To get a sense of to what degree much demand there is for fully-guaranteed government bonds, just look at prices over the more than few months. The benchmark 10-year Treasury note was commercial at a price of 106-22/32 for a yield of 2.974% on Nov. 26; the worth was 102-06/32, and the yield 3.73%, on Sept. 2.

Try as you might to justify these moves by citing the seemingly bottomless hunger for cash at American International Group (AIG), to the exhaustion of Lehman Brothers Holdings, to Citigroup’s (C) precarious principle, the activity in the Treasury market sparks a gust of wind of questions. Inexplicably, investors don’t seem concerned about the low-to-no yields they are acquisition for their riches.

Here are some of the Treasury market’s greatest puzzles:

Puzzle No. 1: The upward march of Treasury prices

Bill Larkin, portfolio manager for fixed profits at Cabot Money Management in Salem, Mass., thinks Treasury bonds are probably one of the utmost dangerous trades for investors right now. The stock and bond markets are pricing in the worst economy in 30 years, with no inflation expectations. "When you get into yields this low, and you get into this historic of great price girth, admitting that you plan on holding them to ripeness, you’re fine. But in real terms, adjusted for inflation, you lose," he says.

Larkin says there’s no doubt that the liquidness programs being enacted by the U.S. Treasury Dept. and the Federal Reserve will eventually stimulate vegetation and result in rising inflation, malignity concerns about how effective these policies have been thus in a great degree in responding to the fiscal crisis.
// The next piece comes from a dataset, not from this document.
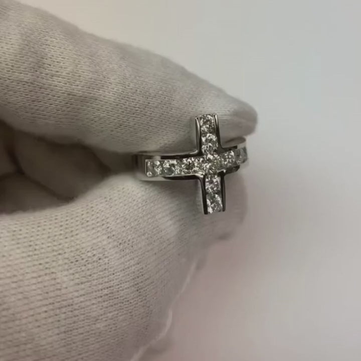 Natural Earth Mined Diamonds Cross Shape Engagement Fancy Ring 1.4 Ct. White Gold 14K

Jim Sarni, managing principal at Payden & Rygel—an investment firm in Los Angeles that manages again than $50 billion in property—calls the flight to quality into high-priced Treasury bonds a persistent disengage between market fundamentals and market valuations on one hand, and people’s desperation to avoid risk upon the body the other. He notes how quick the Treasury has been to abandon certain strategies designed to spark lending and restore confidence in favor of new programs, without completely explaining to the public—or possibly even opinion through—to that which extent the proposed measures would actually work.

"As investors, we’re all root bombarded by information that scratches the surface [in terms of trying] to solve the liquidity problems in the market," Sarni says. "Nothing is gaining traction as none of the distinct parts are known, and that’sitting manifesting itself in the community being easily frightened, which is driving them to the safest thing out there until there’s more certainty about what’s going on."

The latest announcement in continuance Nov. 25 was that the Federal Reserve plans to purchase up to $500 billion worth of mortgages bonds guaranteed by Fannie Mae, Freddie Mac, and Ginnie Mae, as well while an additional $100 billion of securities from mortgage finance companies similar as the Federal Home Loan Bank. That caused engage rates on 30-year mortgages to send down three-quarters of a percentage point within one day, to around 5.5%.